EXERCISE INPUT »

■ ■ ■ ■ ■ ■ ■

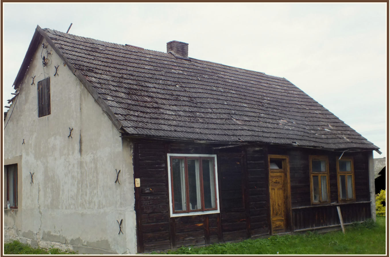
Przykład tzw. ściany ogniowej, tj. zabezpieczenie kamienne lub murarskie ściany budynku, którą uważano za najbardziej narażoną na podpalenie lub inne czynniki natury
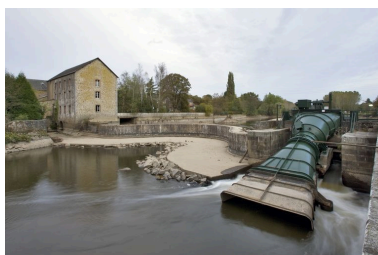
Vue d'ensemble depuis l'aval pendant les écoures de 2009 : moulin, barrage, centrale hydroélectrique.

IVR52_20095300440NUCA
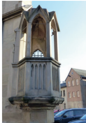
Außenkanzel der Johanniskirche in Saalfeld
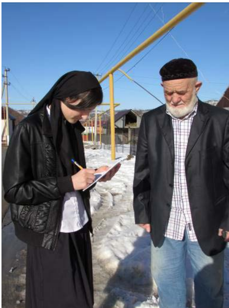
Работа со словарями
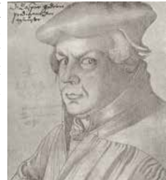
Der Reformator des Kinzigtals Dr. Caspar Hedio, Zeichnung von Hans Baldung Grien
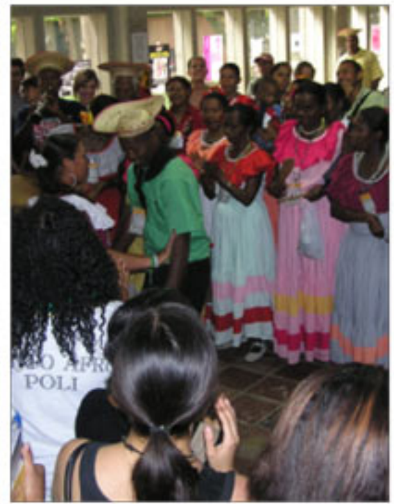
Presentación del Bullerengue de Necoclí y El Sainete de Girardota

como el de necesidades básicas insatisfechas INB, que supera el 80%, pobreza extrema del 76%, ingreso per cápita tres veces por debajo del promedio nacional.
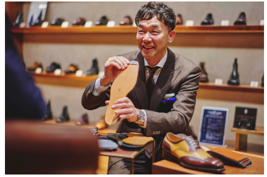
靴を熟知したスタッフがより最適な 1 足となるようご提案いたします

「三陽山長」が通年展開する『パターンメイド』企画は、約 50 からモデルを選定し、アッパー・ソール・ライニング・コバの色や素材等を複数の中からお選びいただけます。サイズ(足長) だけでなくウィズ (足囲) も最大 3 種類前えており、さらに “甲乗せ”、“幅張り” といった木型補正を加えることで甲の高さや足の幅も微調整できるため、既製品ではサイズが合いにくいお客さまもジャストフィットするお好みの一足をつくることのできる企画です。オーダーの際には、靴を熟知したスタッフがサイズ調整をはじめ素材や仕様などの選択において、より最適な 1 足となるようご提案いたします。
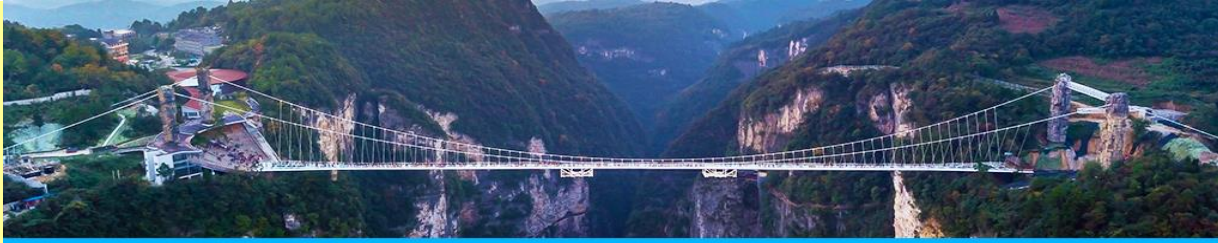
สะพานกระจกข้ามหุบเขาแกรนด์แคนยอน

โปรแกรมเสริมที่ 3 โปรแกรมเที่ยวชมสะพานกระจกพร้อมหุบเขาแกรนด์แคนยอนจากเจียเจีย (ผู้เข้าร่วมขั้นต่ำ 15 ท่าน) ใช้เวลาประมาณ 2-3 ชั่วโมง (ขึ้นอยู่กับจำนวนนักท่องเที่ยวในแต่ละวัน) อัตราค่าบริการท่านละ 400 หยวนหรือ 2,000 บาท นำท่านเที่ยวชมสะพานกระจกที่สร้างข้ามหุบเขาที่ยาวที่สุดในโลก ท้าทายความกล้าของท่านด้วยการเดินบนพื้นกระจกใสที่สามารถมองเห็นก้นเหวลึกที่อยู่เบื้องล่าง....อัตราค่าบริการรวม ค่าบัตรเข้าอุทยาน ค่ารถรับส่งภายในเขตอุทยาน ค่าน้ำดื่มของไกด์ท้องถิ่น
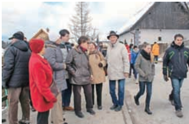
Člani krožka Medobčinskega društva slepih in slabovidnih Kranj na poti kulturne dediščine
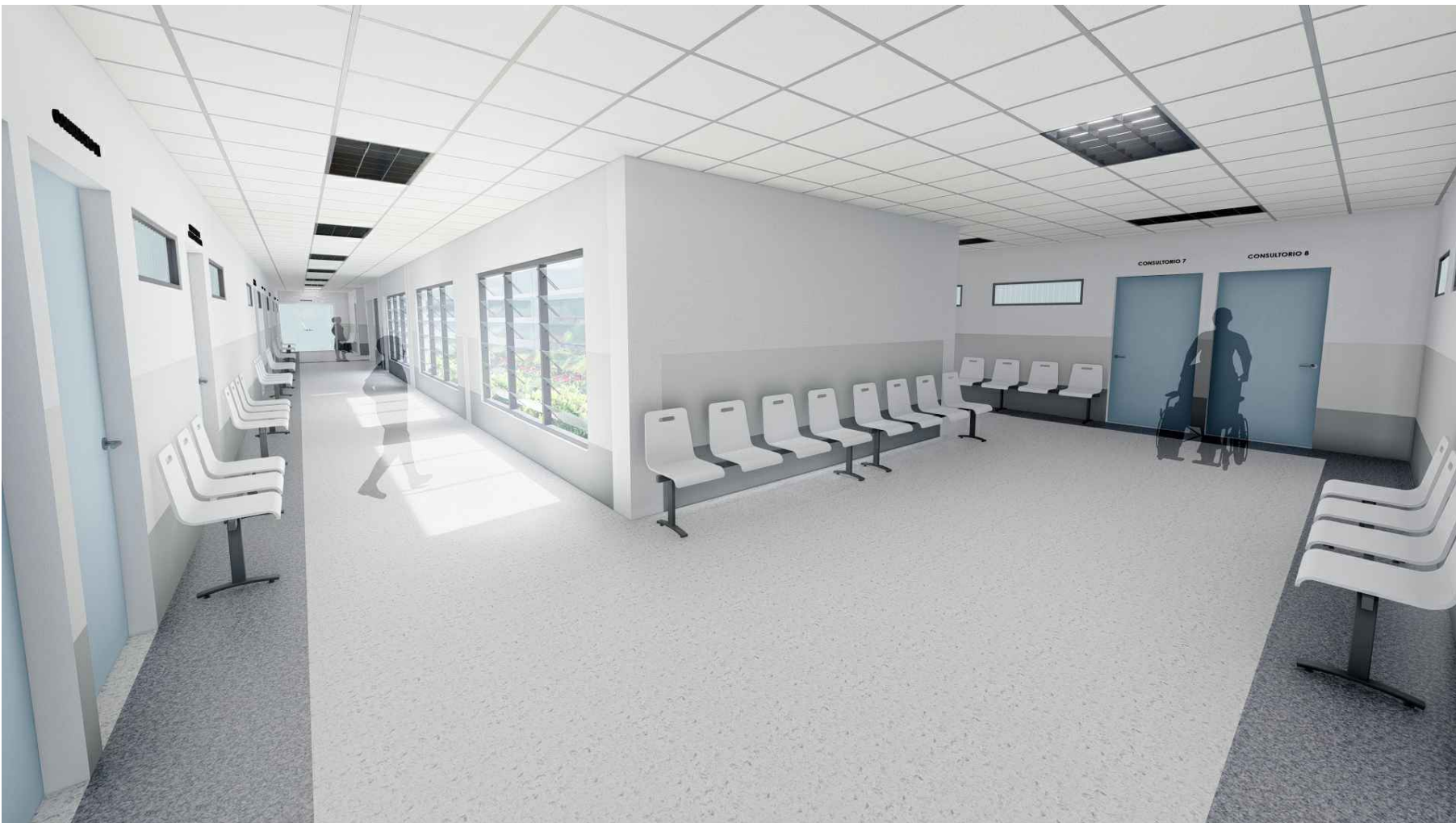
PERSPECTIVA HACIA SALA DE ESPERA DE CONSULTORIOS MÓDULO 1
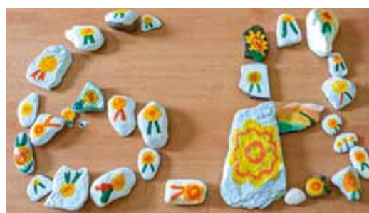
ZŠ a MŠ Ořechov u Brna, 6. B
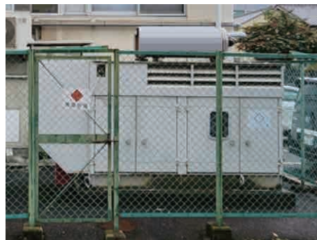
自家発電装置は停電時でも電気を供給してくれます
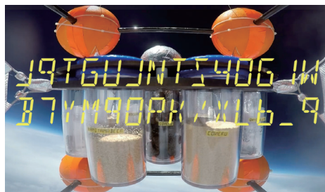
shuttleD プロジェクトにて成層圏で検体実験を行う様子

等、大人から子供まで巻き込んだ宇宙ビジネスを展開中。様々な企業とのコラボも行っているの、ご興味がある方は是非ともお問い合わせください！
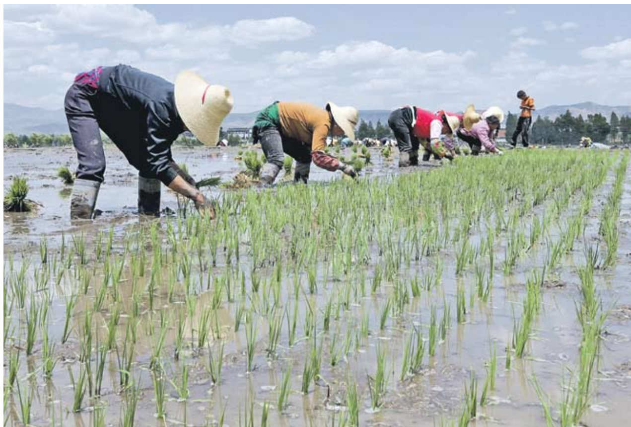
▶ Само от май госега цената на ориза се повиши с 15%

Индонезия ще внесе ориз за втора поредна година,
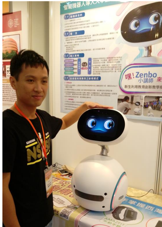
中山大學 圖書資訊 處 Zenbo 小講師在 會場內到 處賣萌

台東大學利用人臉辨識技術作「刷臉借書」；文藻大學以 3D 列印桌遊。導入虛擬實境有南台科大、師範大學和正修科大等校圖書館，南台科大和國家圖書館合作，取才於清代郁永河的《裨海紀遊》，以數位來模擬實景，具有環場效果，是閱讀古籍的另類體驗，也是古為今用的好例子。
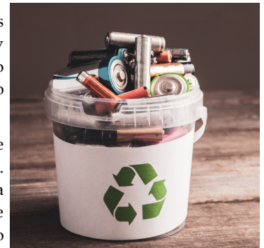
Contenedor de reciclaje de pilas

Para ayudar a detener esta destrucción del medio ambiente, el club ha colocado varios contenedores de basura en toda la escuela para que los estudiantes y el personal puedan desechar sus pilas correctamente. Cuando los contenedores estén llenos, el Club Medioambiental trabajará con Gestión de Desechos para recoger las pilas. Si tienes pilas AA, AAA, C, D o de 9 voltios, pasa por TSI, la biblioteca, el laboratorio de matemáticas o la sala de profesores y deposítalas en el contenedor. Al hacer tu parte para cuidar el medio ambiente, podemos teñir todo de ROJO y VERDE al mismo tiempo.
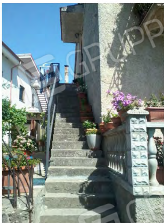
Scala Esterna di accesso all'immobile
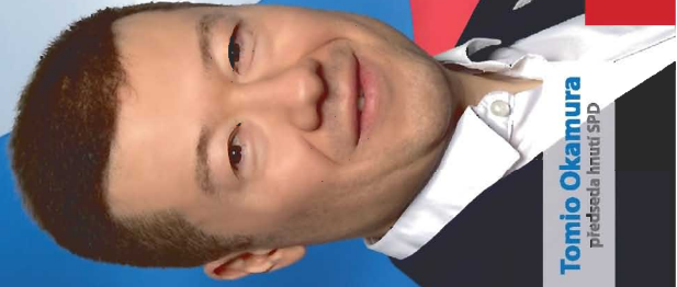
Tomio Okamura předseda Inimti SPD
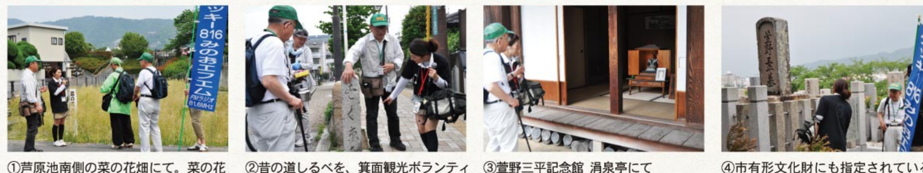
①芦原池南側の菜の花畑にて。菜の花プロジェクトみのおのみなさんと ②昔の道しるべを、箕面観光ボランティアガイドさんに教えてもらいました ③萱野三平記念館 湧泉亭にて ④市有形文化財にも指定されている三平墓碑へ
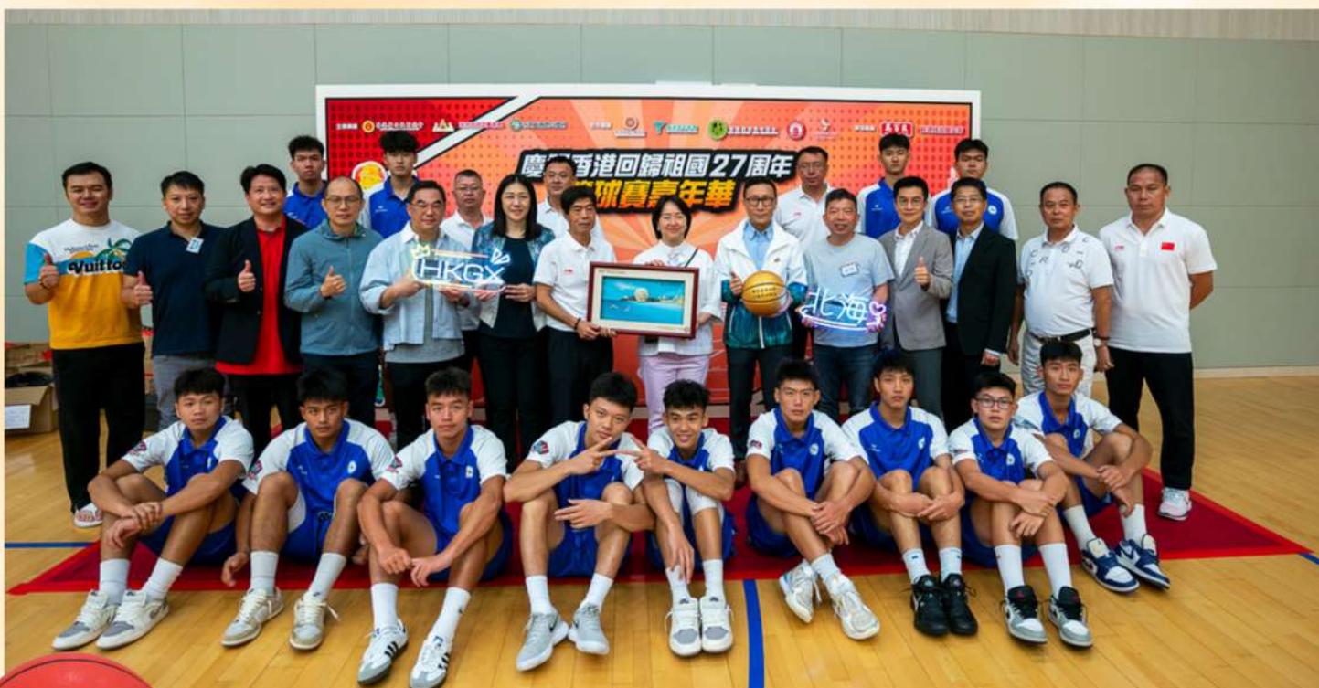
邀請廣西北海市第九中學的學生來香港參與「慶祝香港回歸祖國27周年 籃球賽嘉年華」，與香港多個青年團體和學校學生切磋球技，進行體育交流。

■ ■ ■ ■ ■ ■ ■

WHAT THE TASK REQUIRES »
Your task is to gather all lines from the entries above that hold the word "บเขาแกรนด".

EXPECTED OUTPUT »
สะพานกระจกข้ามหุบเขาแกรนด์แคนยอน
โปรแกรมเสริมที่ 3 โปรแกรมเที่ยวชมสะพานกระจกพร้อมหุบเขาแกรนด์แคนยอนจากเจียเจีย (ผู้เข้าร่วมขั้นต่ำ 15 ท่าน) ใช้เวลาประมาณ 2-3 ชั่วโมง (ขึ้นอยู่กับจำนวนนักท่องเที่ยวในแต่ละวัน) อัตราค่าบริการท่านละ 400 หยวนหรือ 2,000 บาท นำท่านเที่ยวชมสะพานกระจกที่สร้างข้ามหุบเขาที่ยาวที่สุดในโลก ท้าทายความกล้าของท่านด้วยการเดินบนพื้นกระจกใสที่สามารถมองเห็นก้นเหวลึกที่อยู่เบื้องล่าง....อัตราค่าบริการรวม ค่าบัตรเข้าอุทยาน ค่ารถรับส่งภายในเขตอุทยาน ค่าน้ำดื่มของไกด์ท้องถิ่น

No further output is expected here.